= Provided material =

►

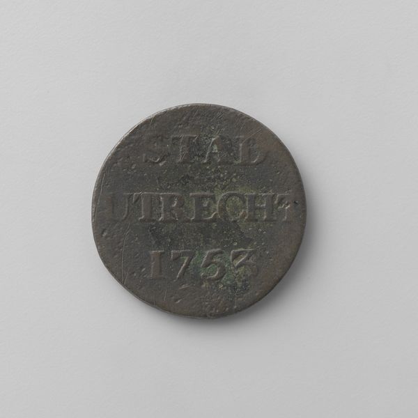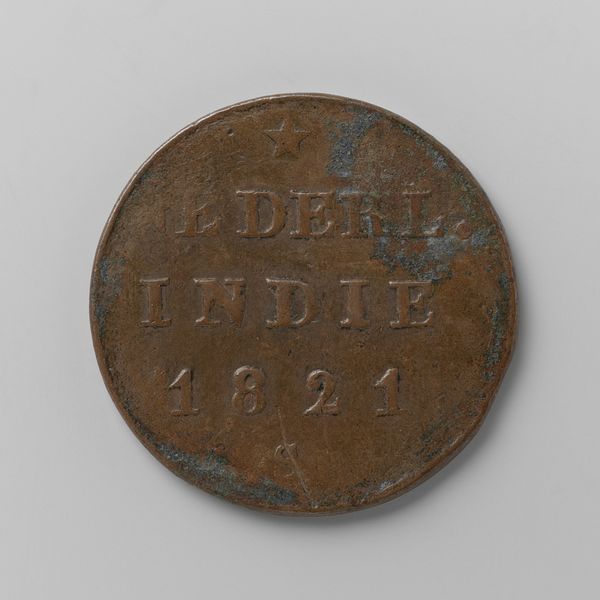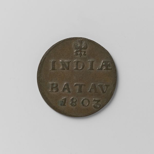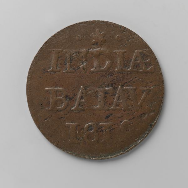 Editor: This is a bronze coin from 1818, a ½ Duit from the Dutch East Indies, currently held in the Rijksmuseum. The inscription is quite clear despite the coin’s age. How might we analyze this purely from its visual qualities? Curator: Indeed. Notice how the circular format immediately dictates the organization of the inscription. The words "INDIA BATAV." and the date, "1818," are stacked, creating a sense of balance. What do you observe about the texture and form of the lettering itself? Editor: The lettering looks deeply impressed. It creates a relief effect. Is that significant in numismatic art? Curator: Absolutely. The depth and clarity of the engraving contribute to the legibility and longevity of the inscription, crucial for a coin in circulation. The choice of bronze, too, its color and material presence, speaks to its functional durability. The circle itself is of significance. What does the geometry suggest? Editor: That's interesting! I see the perfect circle containing history, economics, and power... and that a larger context influenced these design choices! Curator: Precisely. It encapsulates a world of meaning within its form, which goes to show the symbiosis of pure design, function, and meaning! Editor: I learned about the inherent design in everyday functional art and that geometric choices are seldom random. Curator: And I see the power of such objects lies not only in functionality, but in their physical representation of cultural and political history.
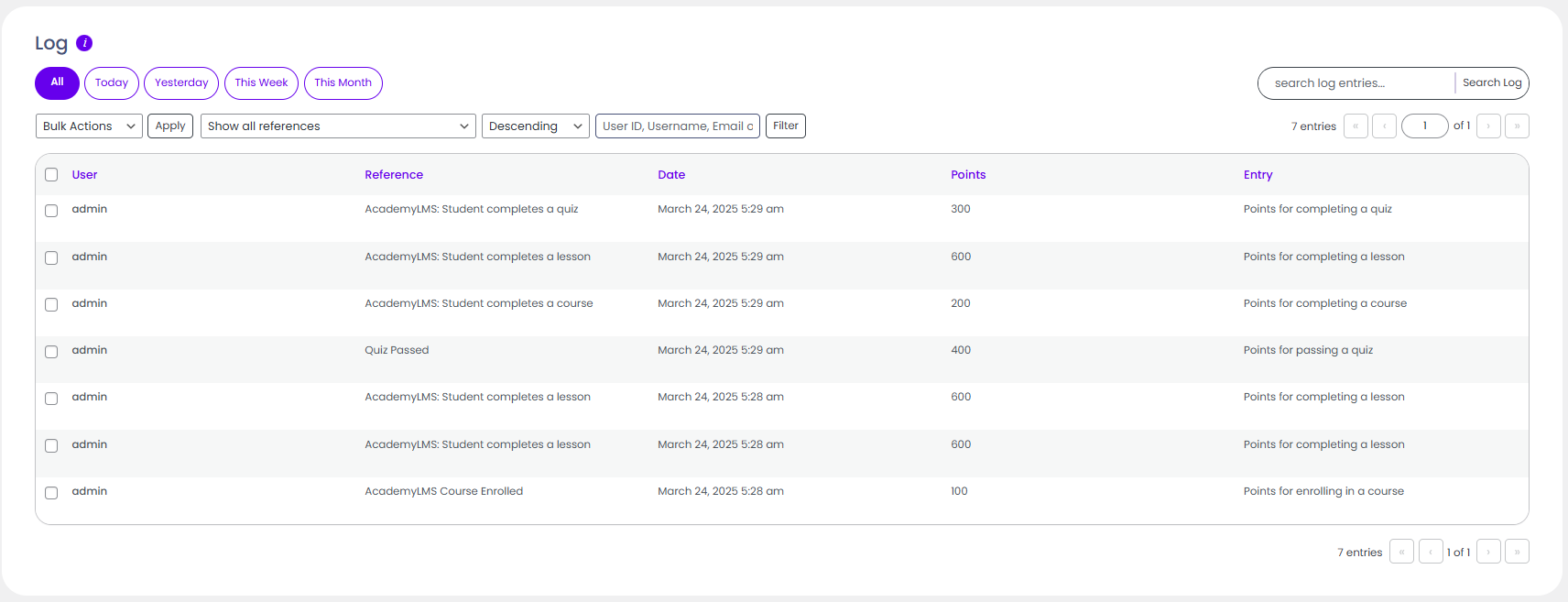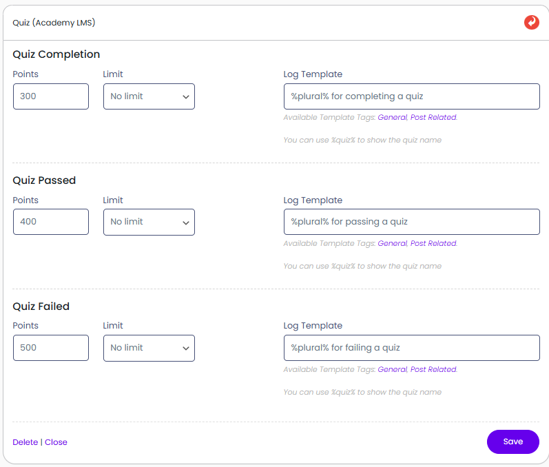 myCred Academy LMS addon awarding points for course, lesson, and quiz completion.
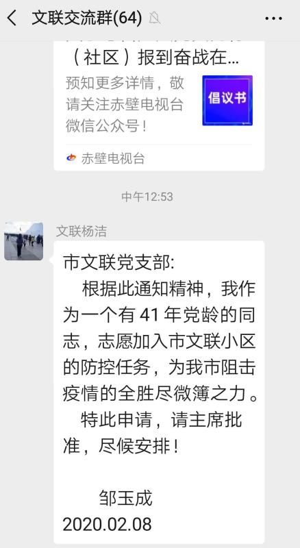 “我作為一個(gè)有41年黨齡的同志,志愿加入市文聯(lián)小區(qū)的防控任務(wù),為我市阻擊疫情的全勝盡微薄之力……”

◄

= What is expected =
Return all the lines above exactly; none of the pictures should appear.

= Answer =
 Editor: This is a bronze coin from 1818, a ½ Duit from the Dutch East Indies, currently held in the Rijksmuseum. The inscription is quite clear despite the coin’s age. How might we analyze this purely from its visual qualities? Curator: Indeed. Notice how the circular format immediately dictates the organization of the inscription. The words "INDIA BATAV." and the date, "1818," are stacked, creating a sense of balance. What do you observe about the texture and form of the lettering itself? Editor: The lettering looks deeply impressed. It creates a relief effect. Is that significant in numismatic art? Curator: Absolutely. The depth and clarity of the engraving contribute to the legibility and longevity of the inscription, crucial for a coin in circulation. The choice of bronze, too, its color and material presence, speaks to its functional durability. The circle itself is of significance. What does the geometry suggest? Editor: That's interesting! I see the perfect circle containing history, economics, and power... and that a larger context influenced these design choices! Curator: Precisely. It encapsulates a world of meaning within its form, which goes to show the symbiosis of pure design, function, and meaning! Editor: I learned about the inherent design in everyday functional art and that geometric choices are seldom random. Curator: And I see the power of such objects lies not only in functionality, but in their physical representation of cultural and political history.
 myCred Academy LMS addon awarding points for course, lesson, and quiz completion.
 “我作為一個(gè)有41年黨齡的同志,志愿加入市文聯(lián)小區(qū)的防控任務(wù),為我市阻擊疫情的全勝盡微薄之力……”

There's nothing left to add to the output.